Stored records
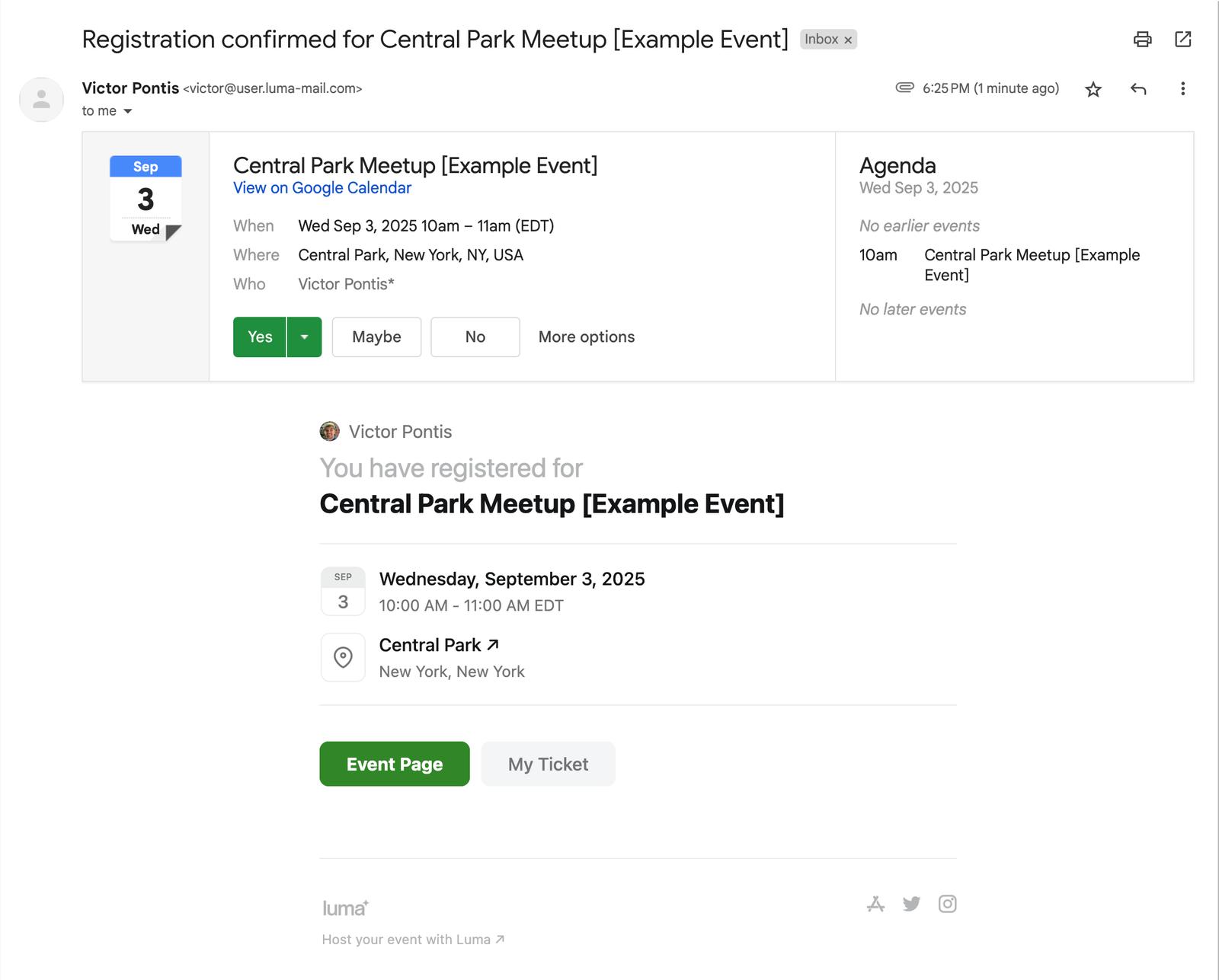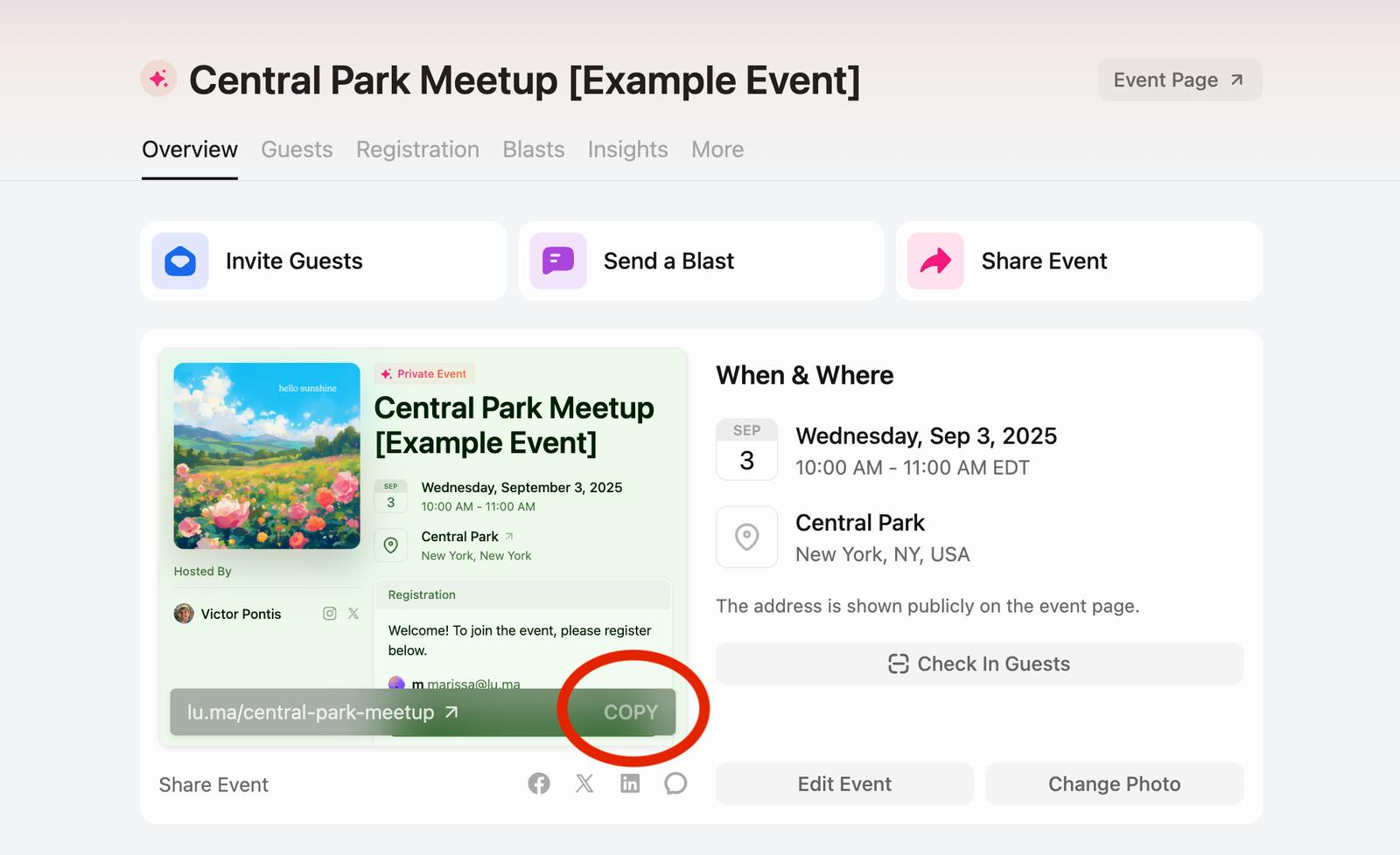 You can see the example event (and register for it) here: luma.com/central-park-meetup
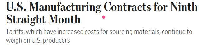 《華爾街日報》1日發(fā)表文章稱,美國供應管理協(xié)會(ISM)當天公布的調查報告顯示,11月美國制造業(yè)采購經理人指數(shù)(PMI)已低于50的榮枯分界線。美國制造業(yè)活動連續(xù)第九個月萎縮,而美國制造商認為這主要是因為美國政府的關稅政策。
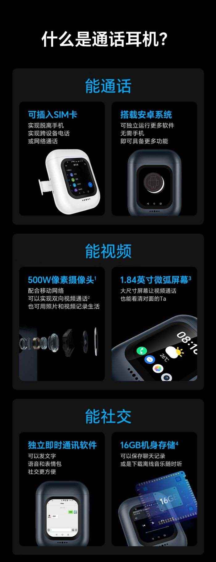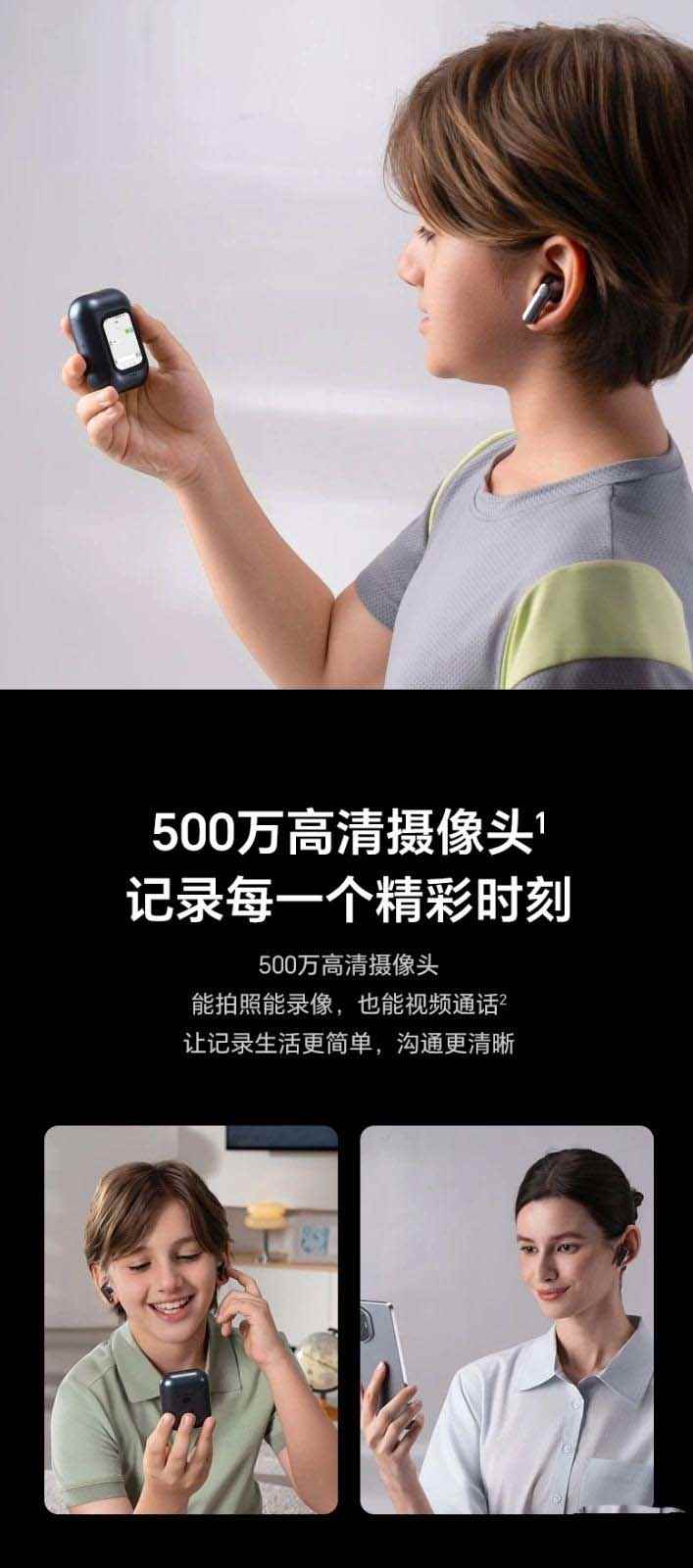 功能方面,这款耳机搭载安卓系统,可独立运行各种 app,内置 500 万像素摄像头,配合移动网络可实现双向视频通话,也可以拍照、录视频等,搭载 1.84 英寸微弧屏幕,支持独立运行“即时通讯软件”,配备 16gb 存储空间,可以下载音乐、存储聊天记录等。
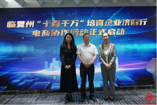 临夏州商务局副局长陈建卓、济南日报社副总编辑、舜网总编辑张阿娜,济南市商务局电子商务处副处长戴晶共同启动活动
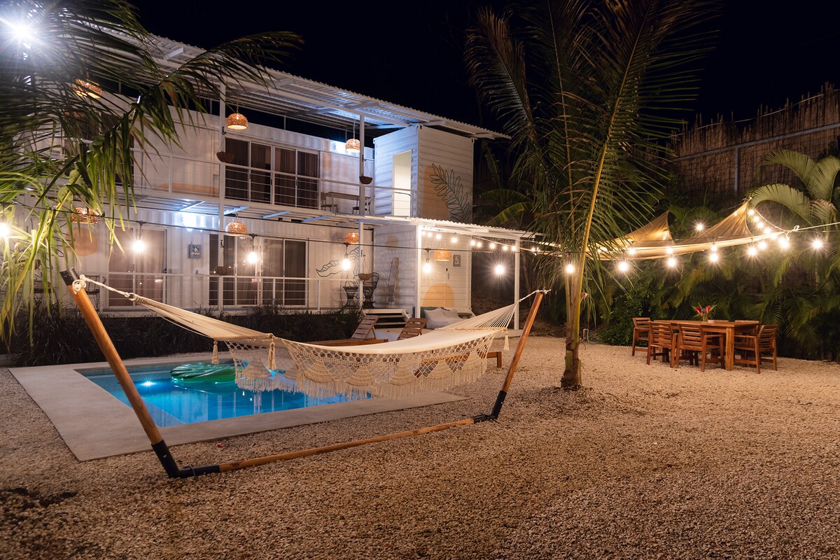 Casa-contêiner novinha em folha de 1 quarto em Nosara, a 4 minutos a pé da praia. Vista para a selva e piscina, cozinha completa e lavanderia. Este anúncio é novo, mas você pode verificar meus mais de 150 comentários de 5 estrelas como Superhost. Localizada no Club Marina com duas outras casas de contêineres, a Suíte La Mariposa tem uma cama king-size e um pátio. Está lá em cima, subindo uma escada em espiral. Boa segurança e Wi-Fi forte. Não aceitamos animais de estimação. Aceitamos crianças caso a caso. Saiba mais sobre o Club Marina online ou no IG @clubmarinacostarica.
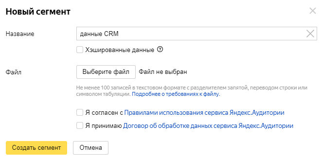 Открывается окно для создания сегмента, которому даем название. С компьютера загружаем заранее скаченный из CRM файл. Ставим галочки согласия с правилами использования сервиса и принимаем договор об обработке данных. Жмем «Сохранить сегмент»:
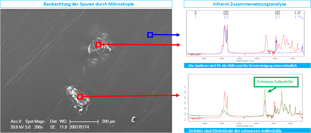 Mithilfe der Rasterelektronenmikroskopie (REM), die mit der FTIR-Spektroskopie gekoppelt war, konnte die Zusammensetzung dieser Verunreinigung eindeutig identifiziert werden.

:: What you have to do ::
Find "临夏州商务局副局长陈建卓、济" in the entries, then reproduce that line and each line after it exactly, through the last one. Pictures do not go in.

:: Solution ::
 临夏州商务局副局长陈建卓、济南日报社副总编辑、舜网总编辑张阿娜,济南市商务局电子商务处副处长戴晶共同启动活动
 Casa-contêiner novinha em folha de 1 quarto em Nosara, a 4 minutos a pé da praia. Vista para a selva e piscina, cozinha completa e lavanderia. Este anúncio é novo, mas você pode verificar meus mais de 150 comentários de 5 estrelas como Superhost. Localizada no Club Marina com duas outras casas de contêineres, a Suíte La Mariposa tem uma cama king-size e um pátio. Está lá em cima, subindo uma escada em espiral. Boa segurança e Wi-Fi forte. Não aceitamos animais de estimação. Aceitamos crianças caso a caso. Saiba mais sobre o Club Marina online ou no IG @clubmarinacostarica.
 Открывается окно для создания сегмента, которому даем название. С компьютера загружаем заранее скаченный из CRM файл. Ставим галочки согласия с правилами использования сервиса и принимаем договор об обработке данных. Жмем «Сохранить сегмент»:
 Mithilfe der Rasterelektronenmikroskopie (REM), die mit der FTIR-Spektroskopie gekoppelt war, konnte die Zusammensetzung dieser Verunreinigung eindeutig identifiziert werden.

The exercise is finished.